Title: Do You Love Me?
Author: Gillian Taylor
Rating: PG
Characters: Ninth Doctor, Rose
Summary: Love can mean so many things.
Spoilers: All of series one, really
Disclaimer: Don't own them. I just like playing with them...a lot.
Archive: Sure, just let me know.

A/N: This was inspired by Saganamidreams' thoughts on the Doctor Who shipping debate. Thanks, as always, to my lovely beta WMR for the laughs and just for being herself.


"Do You Love Me?"
by Gillian Taylor

"Do you love me?" Her voice filtered through the whirrs and low hum of the TARDIS.

"What brought this on?" he asked. He changed the setting on his sonic screwdriver and forced it between the capacitors underneath the main console.

"Jus' curious, I guess. I mean, after what you said. In the morgue. 'Bout being glad that you met me. So, do you? Love me?"

"Depends on what you mean." He shrugged, pulling down wires. Trust a human to ask uncomfortable questions when one was trying to work. Jiggery-pokery was a difficult skill to master, even if one was a genius – which he was. "Best mates? Pals? Buddies? Love is such a tricky word to understand. Some species have over fifty different words for the one you English-speakers make do with."

"I mean, do you love me," Rose asked and he could see just a hint of her blonde hair as she leaned over the console above him. "Love me, love me. Romantic, I guess."

His hands stilled on the wires. How many times had he had this particular conversation? He could remember half a dozen at the least, but regeneration tended to make one's memories fade after a time. Nine hundred years of experience, but not all of those memories were readily accessible. "No," he replied.
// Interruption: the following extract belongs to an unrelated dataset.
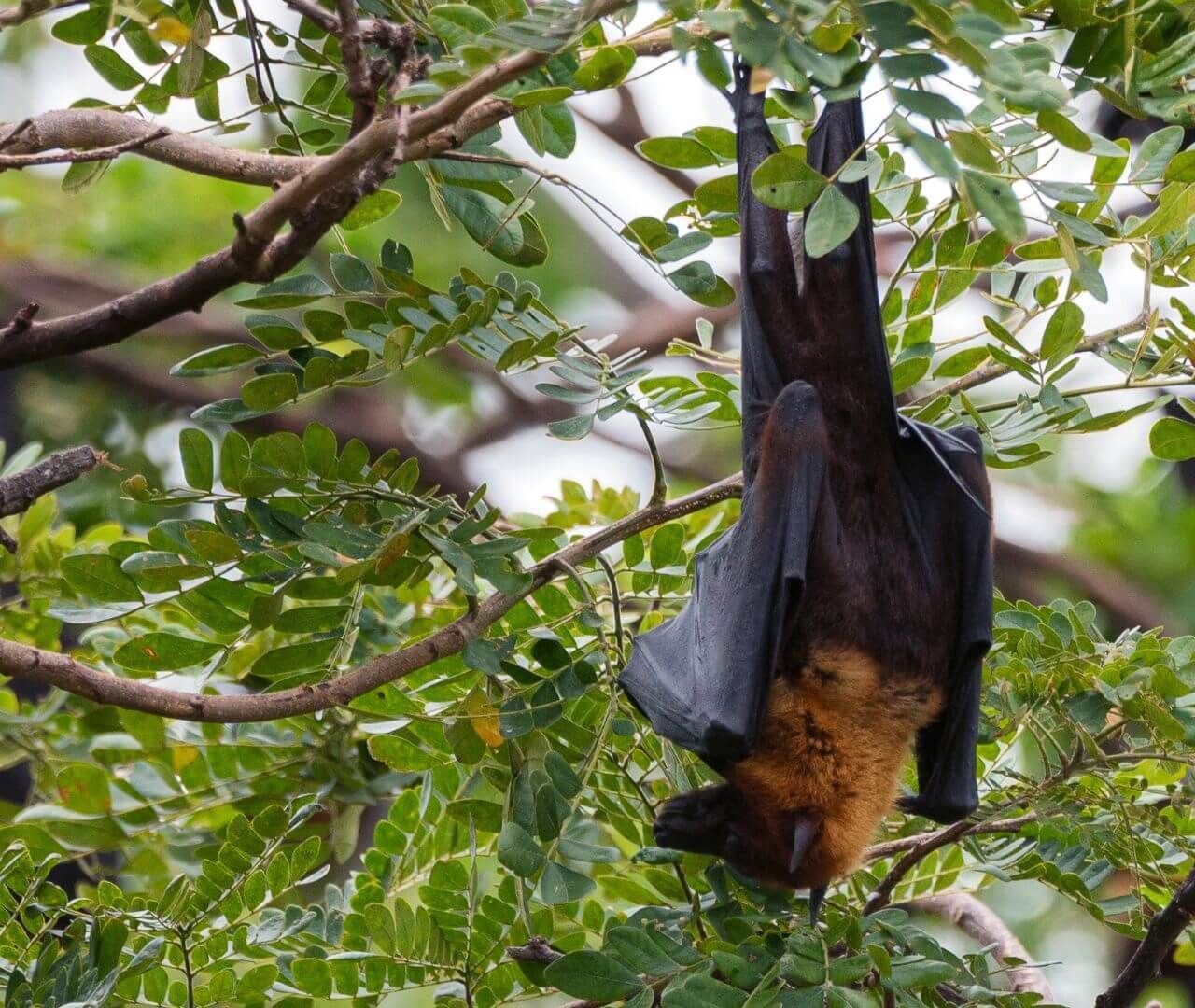 Because Indian flying foxes play such important roles in their habitat, they are an important species to protect. However, like many species of flying foxes, Indian flying foxes are seen as a pest because they feed on fruit crops like mangos and guavas. Farmers hunt the flying foxes to protect their crops. Some farmers have started using new methods that keep their crops safe without harming flying foxes! Read the Conservation Corner below to explore how new crop-protection methods are working to save Indian flying foxes and their habitat.

He didn't love her, couldn't love her. She was a tiny human, so fragile, so inexperienced. He was a Time Lord, he knew the threads of the time-space continuum, he could travel them, control them. How could he love her? They had only met such a short, yet long, time ago. The peculiarities of time travel in a second's thought – a moment could stretch to infinity.
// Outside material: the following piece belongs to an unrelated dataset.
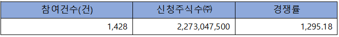 수요예측 참여 건수는 총 1,428건에 신청 주식수 2,273,047,500주로, 경쟁률 1,295.18 : 1의 좋은 실적을 기록했습니다.

"Oh." Her voice sounded disappointed.

He fought back the urge to take it back, to lie, just to make her feel better.

"But as best mates?" she asked, and now he could hear that hope had returned.

"Yup." No question. She was his friend. His companion.

"Good." Rose sounded satisfied and he listened to her start to walk away. She paused and he could almost imagine her looking at him, half-buried beneath the console. "Me too."

At least that was settled.


The second time she asked the question, he had saved the world but hadn't lost her. He had manipulated her into coming with him, teased her with the image of a plasma storm in the Horsehead Nebula, and she had come.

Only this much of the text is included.